# Example application
The example (code and data) shown here are available in the 
`/docs/example` directory of the [HydroBM repository](https://github.com/wknoben/hydrobm).


## Example data
This example uses data obtained from the Caravan data set (Kratzert et al., 2023). To reduce repository size only the "total_precipitation_sum", "temperature_2m_mean", and "streamflow" variables are retained in `camels_01022500_minimal.nc`.

### Subsetting code
For full reproducibility, download the original Caravan data and use this code to subset.

```
import numpy as np
import xarray as xr

# Load the data
data_file = 'camels_01022500.nc'
mini_file = 'camels_01022500_minimal.nc'

data = xr.open_dataset(data_file)
keep = ['date', 'streamflow', 'total_precipitation_sum', 'temperature_2m_mean']
mini = data.drop_vars([var for var in data.variables if not var in keep])
mask = np.isnan(mini['streamflow'])
mini = mini.isel(date=~mask)
mini.to_netcdf(mini_file)

```

### References
Kratzert, F., Nearing, G., Addor, N., Erickson, T., Gauch, M., Gilon, O., Gudmundsson, L., Hassidim, A., Klotz, D., Nevo, S., Shalev, G., and Matias, Y.: Caravan - A global community dataset for large-sample hydrology, Scientific Data, 10, 61, https://doi.org/10.1038/s41597-023-01975-w, 2023.

## Example application

In [None]:
from hydrobm.calculate import calc_bm
import matplotlib.pyplot as plt
import numpy as np
import pandas as pd
import xarray as xr

In [None]:
# Get the example data
data_file = './camels_01022500_minimal.nc'
data = xr.open_dataset(data_file)

### Create an exploratory plot
This shows that snow likely plays a role in this basin. 
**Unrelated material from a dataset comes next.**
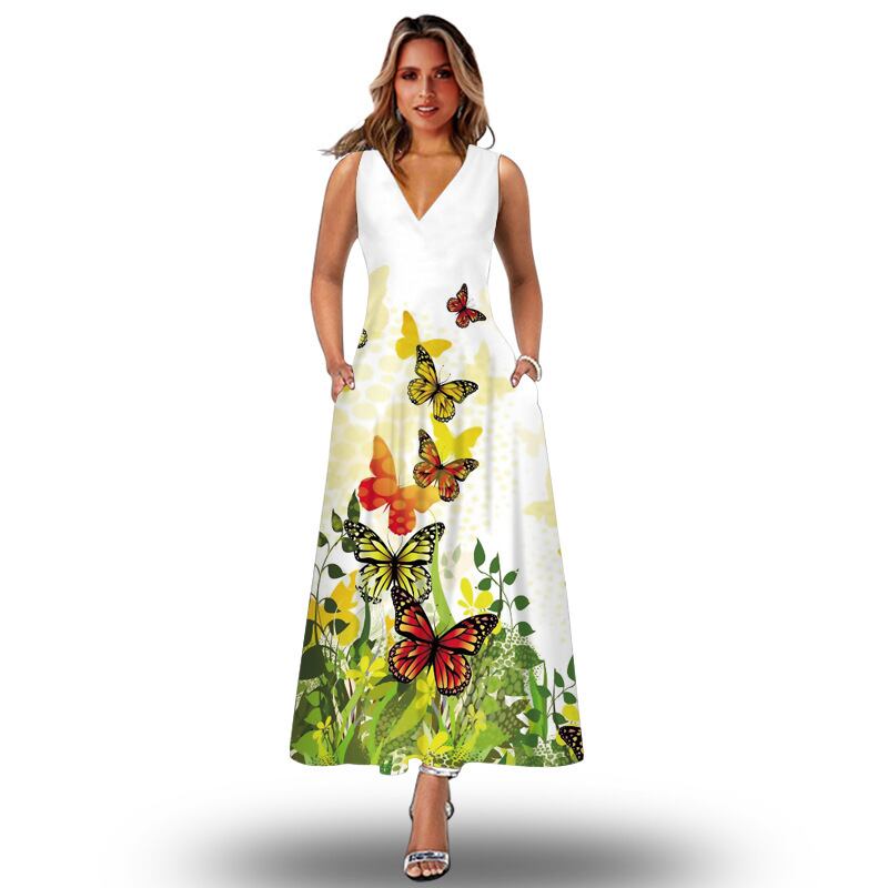 ストリートヨーロピアンとアメリカンスタイルのノースリーブドレスレディースカジュアルプリント大スイングスカートボヘミアンビーチルーズロングスカート 6733081971584999

Note that `matplotlib` is not a dependency of `hydrobm` and thus will not be automatically installed if it isn't already present on your system.

In [None]:
fig,ax = plt.subplots(1,1)
data['total_precipitation_sum'].plot(ax=ax, label='precipitation')
data['streamflow'].plot(ax=ax, label='streamflow')
data['temperature_2m_mean'].plot(ax=ax, label='temperature')
plt.legend();

### Run HydroBM
For this example, we'll calculate all benchmarks and all metrics, as well as estimate a snow melt flux from the precipitation and temperature data. 

First, we'll specify time masks for benchmark calculation and validation. These are arbitrary choices and will depend on your data availability and study purpose.

In [None]:
# Specify the calculation and evaluation periods, as boolean masks
cal_mask = data['date'].values < np.datetime64('1999-01-01')
val_mask = ~cal_mask

Next, we'll specify the benchmarks we want to calculate. 
We'll go for the full ensemble available in HydroBM at the time of its initial release.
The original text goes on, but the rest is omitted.